Hawaii’s road woes roll on


Photo by Hawaii Tourism Authority / Tor Johnson

This blog post was written by Stuart Robertson, one of the partners in Kensington Swan’s construction team. 

A Washington DC think tank, Reason Foundation, has released its latest annual report on the cost-effectiveness and performance of US state, as opposed to local, roading infrastructure. Unfortunately for the Aloha State, its overall rating was 48th out of 50. Allowing for metric and currency adjustments, Hawaii’s 1,600 km of state roading (the smallest of any state) costs NZ$54,356 per kilometre to maintain annually, and the overall costs per kilometre of NZ$347,011. Even with this extraordinarily high spend, more than 31% of the urban pavement is in a poor condition, the worst of any state in the US.
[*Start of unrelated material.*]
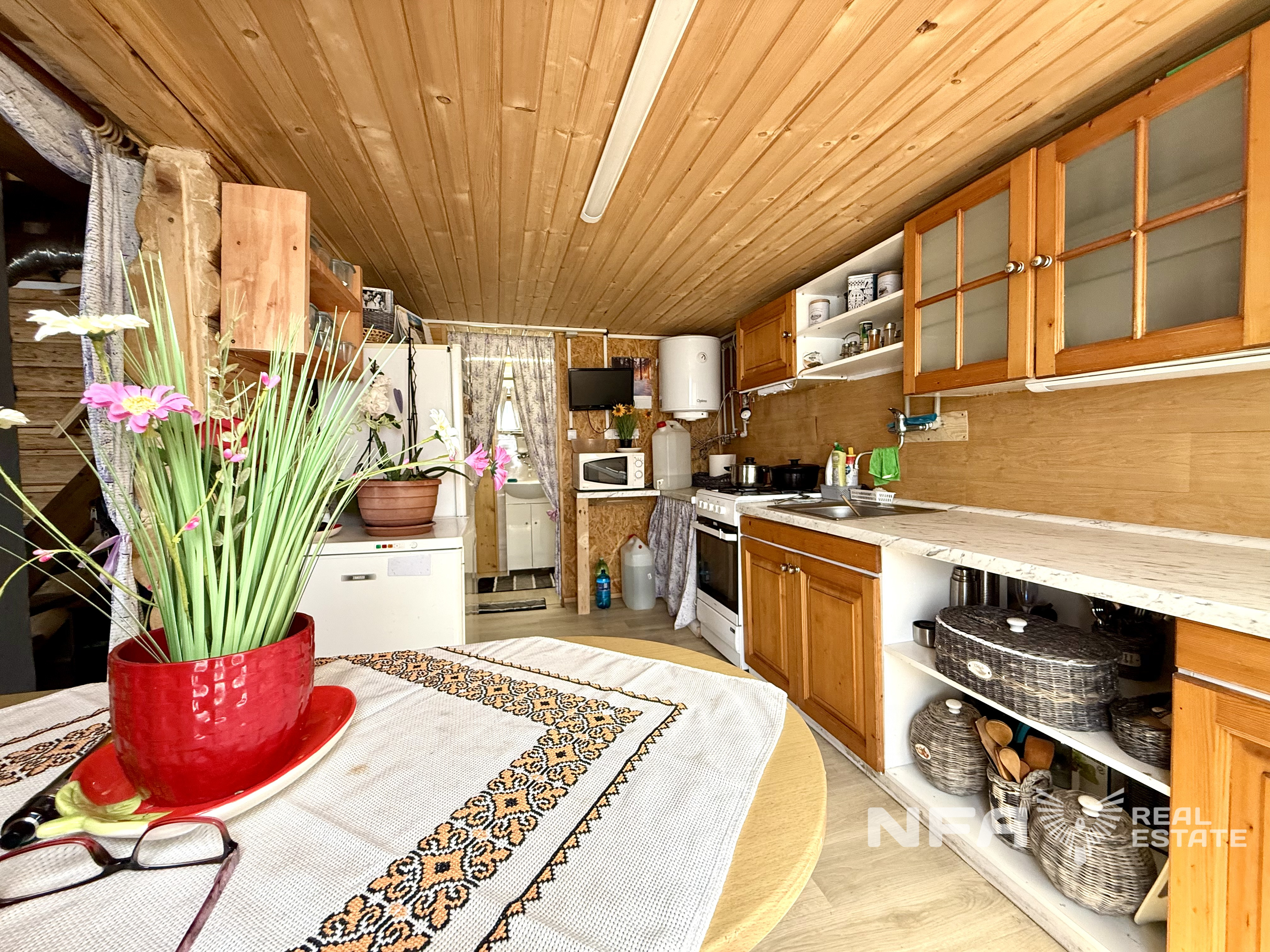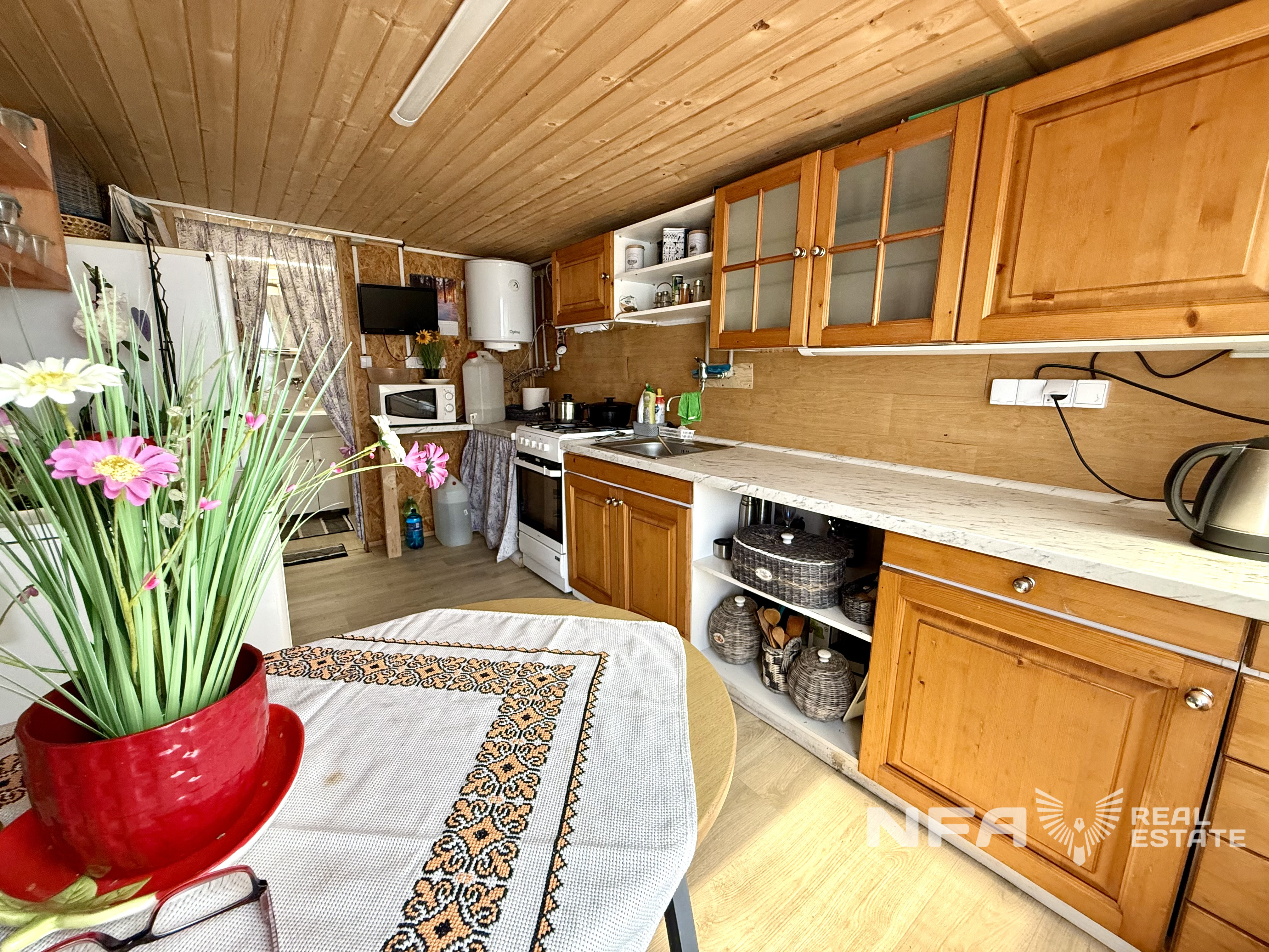 Okná a podlahy: drevené.

Commentators have pointed out that a large proportion of the overall cost is debt incurred by the Department of Transport funding various past projects. It also has to be recognised that with any island state, most of the materials and expertise has to be imported. There are a number of South Pacific islands who suffer from similar issues. Hawaii, however, is one of the most taxed states in the US, and despite an engineering study and report in 2008 on how to improve the roading infrastructure, the recommendations were not adopted. This has changed in the last few months with one of the preventative maintenance measures being adopted.

New Zealand can be very proud of the quality of its national roading infrastructure.